_Data shown:_
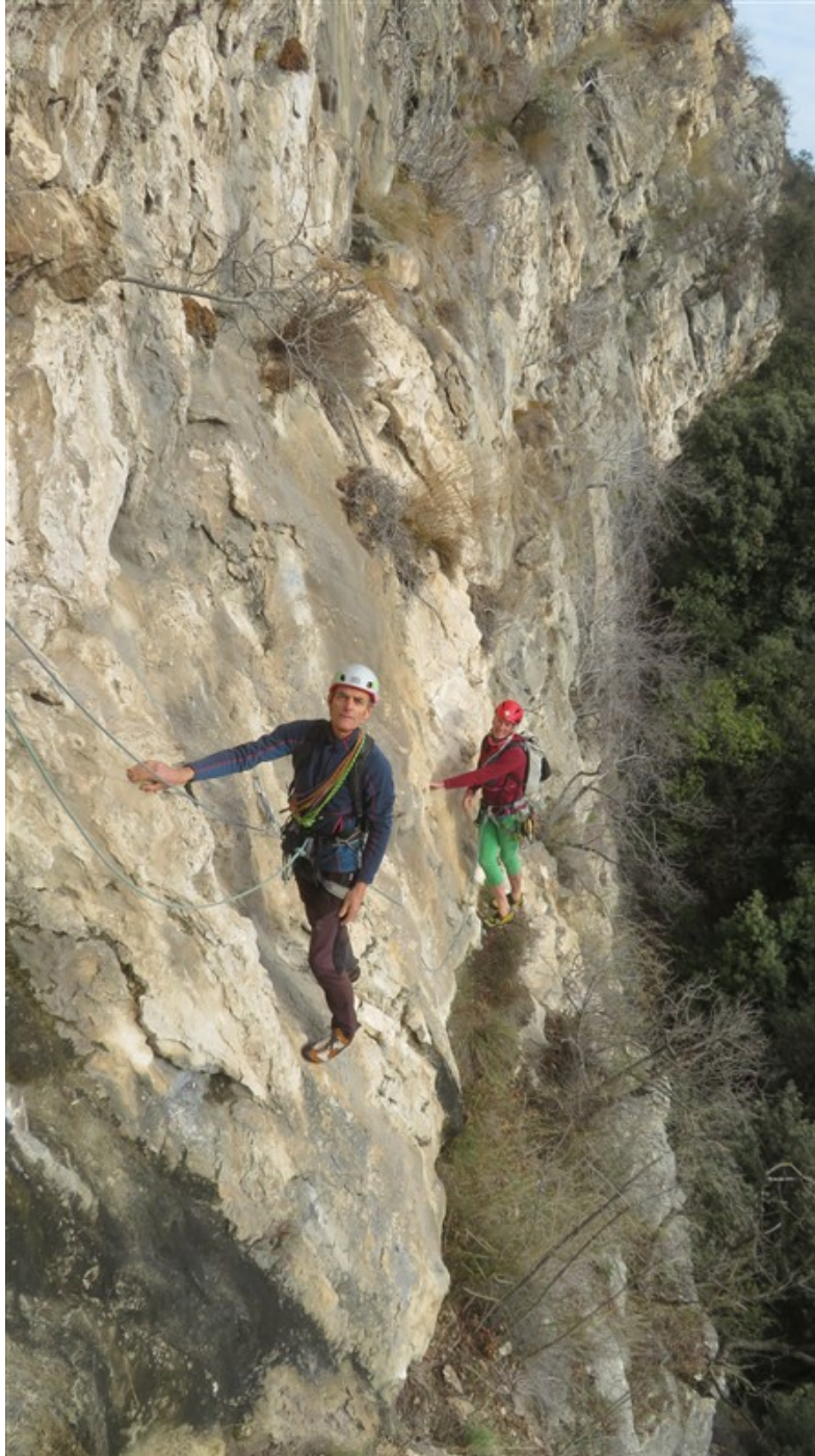
Parte finale prima lunghezza
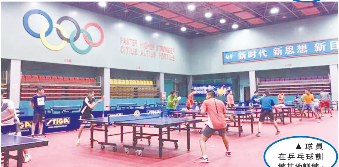
▲球員在乒乓球訓練基地訓練。
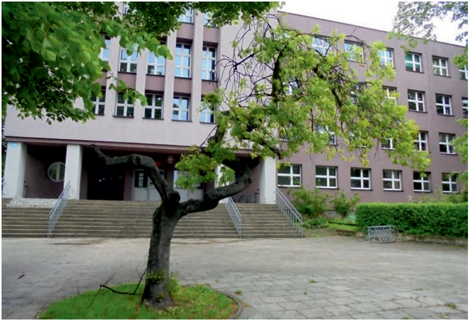
Myszków - Szkoła Podstawowa nr 3.

_Assignment:_
Skip the pictures, then retype every line above exactly.

_Solution to this task:_
Parte finale prima lunghezza
▲球員在乒乓球訓練基地訓練。
Myszków - Szkoła Podstawowa nr 3.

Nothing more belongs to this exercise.